My work-around is clearly in handleCheck which does not have any TS errors but as you can see is clearly working around types in this case (at least I think it is).

I also just noticed that this compiles just fine:

    handleCheck(name: keyof ExportProperties) {
        return (event: any) =>
            this.setState({ [name]: event.target.checked } as Pick<ExportProperties, keyof ExportProperties>);
    }

Now that I look at this a little more maybe that's the appropriate thing to do... And in fact when I change the property type of the function parameter name to something like name: 'catfish' I definitely get errors about casting the Pick<ExportProperties, keyof ExportProperties> which is exactly what I wanted. So I think this last example is how it should be done.

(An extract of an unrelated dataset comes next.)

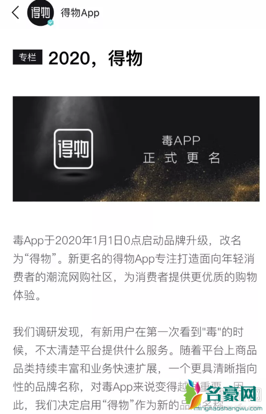 二,“毒”本身是一个潮流交易平台,“得物”符合这一点,准确达意,相较于“毒”来说,让人更容易理解这是一个买东西的APP。三,拼音串起来“得物毒”,很棒。

Now just to be clear none of this is failing the most common use-case as shown below:

this.setState({ hpid: true });

Hopefully this post is helpful to others even if not actionable to the Typescript language. Also cheers to the Typescript team and @types/react who have made this typing on top of react so freaking helpful. Everything I do in my tsx html and of course my state and props variables are all fully typed due to this work. It's incredibly useful.

[ericanderson]

I think you're types could be improved. Specifically to prevent the problem, change the type of name in your functions to keyof ExportProperties. I bet that solves your problem (and also means you dont have to update that function everytime you add something to ExportProperties).

Unrelated but tip, if you use => notation for your methods, you dont have to manually bind them, they are bound for you.